# Snail Infestation ~ Help



## Kitsune (Jul 17, 2010)

I have a huge snail infestation in my 70g tank and I don't know what to do. I have read a ton of articles on the web, but I'm not sure if any will work in my situation.

The following are things I have read and my response:
- Bait them will lettuce: tried, but they don't seem to be going for it. Is it because my tank is full of plants, and there are tons of other stuff to eat?
- Try loaches: I have a ton of plants and ground cover, and don't want them digging up my tank. Plus they get too big and I don't want to have to maintain them
- Try puffers: I would LOVE to have some, but they say that they are not great tank makes. I have the following fish: rummy nose tetra, glass cat fish, siamese algae eaters, and rams. Some have mentioned pea puffers, but I would feel bad if it didn't get along.
- chemical: I have Cherry Red shrimps as well so I would not prefer to kill them
- reduce feeding: yeah.. I know, but I always worry that some of the smaller fish aren't getting enough food so I am generous with my feeding...


----------



## user_error (Aug 15, 2010)

Um, maybe try assasin snails? 

I think April told me she was in PoMo, maybe she could bring you a few? GL sorting them out


----------



## MadgicBug (Apr 22, 2010)

Pond snails used to drive me nuts as I constantly had to squish them...once they are in its almost impossible to get rid of them.

Pea puffers will get rid of them pretty fast (1 only)...IMO they shouldn't bother your other tank mates. Once the snail runs out, then you will have to supplement them with blood worms or mysis shrimp.

Assisan snails works great....once they settle in, they go through them at a pretty good pace and they don't multiply like crazy. I started off with 2 and now have 5 o 6 in almost 1 yr. You can always sell the offsprings. 

My suggestion is to get around 4 or 5 Assisan snails and your snail population should be under control in a month or 2. You may need to help it out a bit in the get go by removing or squishing some.

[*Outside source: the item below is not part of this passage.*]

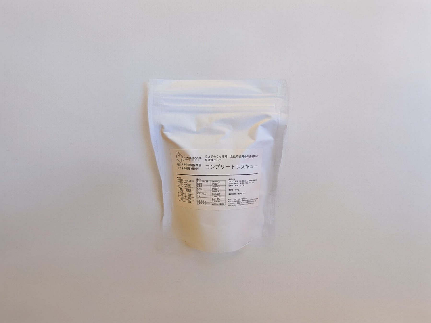 製品ラインナップは、同じく香川大学と共同開発した日々の健康の維持・増進を図る基本食としてウサギの完全栄養食「コンプリート1.0」と、今回のうっ滞時や介護期などを支えるウサギの完全栄養補給剤「コンプリートレスキュー」からなります。

Mykiss should have some for sale at a cheap price.


----------



## Diztrbd1 (Apr 21, 2010)

agree with the assassin snails. atleast 4...IPU has them too
could also make a snail trap to help reduce the number


----------



## mikebike (Sep 8, 2010)

I used to crush the snails and throw them back into the tank the fish learned they were food and would start eating the young ones


----------



## Keri (Aug 2, 2010)

If you go the assasin snail route be sure to pass them on to another member when you run out of pest snails so they don't starve


----------



## Tarobot (Jun 27, 2010)

i'd go with the assassin snails, i'm in the process of cleaning my 2 10gs with them and id say they are the most natural way. you're trading one snail for another but if assassin snails do breed you can sell them for a lot more.


----------



## jkam (Apr 21, 2010)

you can give me all your pest snails to feed my FRT and loaches


----------



## neven (May 15, 2010)

the advantage to pond snails is that they make a great water hardness test


----------



## Kitsune (Jul 17, 2010)

Thank you every one for the great ideas! I think I'll try assassin snails or a pea puffer.

By the way, would the pea puffer eat my shrimps?


----------



## Aleks9 (May 7, 2010)

Pea puffers will eat your shrimp. Go the assassin route. Another option is to introduce CO2. Supposedly safe levels of co2 for fish and shrimp causes snails to run for the top of the tank, where you can then safely crush them with a spatula.


----------



## Kitsune (Jul 17, 2010)

Aleks9 said:


> Pea puffers will eat your shrimp. Go the assassin route. Another option is to introduce CO2. Supposedly safe levels of co2 for fish and shrimp causes snails to run for the top of the tank, where you can then safely crush them with a spatula.


Huh... funny. I wonder why. I have noticed that sometimes there is a really large cluster of snails directly across from where my CO2 comes out... But its only a fraction of the infestation though...


----------



## katienaha (May 9, 2010)

assasin snail has reduced population in my 55g. try trapping snails in a small container with holes for them to crawl in - bait with fish food. give them to people with puffers! regular squishing helps too. i feed squished ones to my fish too.


----------



## TCR (Jul 13, 2010)

I had a crap load of pond snails and Malawian trumpets. I got clown loaches and I can see them dissapearing. Made clown loaches one of my new fav fish. I tried pretty mch every thing to get rid of the snails and so far they have been the answer to my call


----------



## slipstream (Apr 25, 2010)

assassin snails are deff the way to go to prevent accidental fish temperaments.

However, i always found that pea puffers were THE ULTIMATE choice when trying to deal with pest snails. I also found that with pea puffers, as long as they are well fed (plenty of snails and/or blood worms) than they will refrain from pestering any tank mates.


----------



## VinnyD (Apr 21, 2010)

yah i had some pond snail issues before..then i bought some assassin snails off mykiss(pat of canadian aquatics)...they helped reduce the pond snails along with reduced feedings


----------



## jman (Apr 21, 2010)

Yeah i agree, assassin snails are the way to go. I bought 5 of those little guys for my 30g. Within about 4-5 months they manage to clean out majority of the ramshorn in my tank. I think i used to have hundreds of ramshorns and they were all over my tank but now i barely see one.


----------



## David J (May 2, 2010)

Another vote for assassin whelks, which you can read about here Clea helena (Anentome helena)
BTW, I saw one eating a snail today: What a horrible way to go! Slowly eaten alive from within your own shell. 
Depending on the size of your tank, type of substrate, feeding regime, and snail population, it may take many months for the whelk population to build up enough to seriously affect your snail population, but it will eventually work.


----------



## curtisonrad19 (Oct 31, 2010)

I got 4-5 assassins a few months ago, and i have almost no "pest" snails left 
If you dont want em, you can send as many as you would like to me!


----------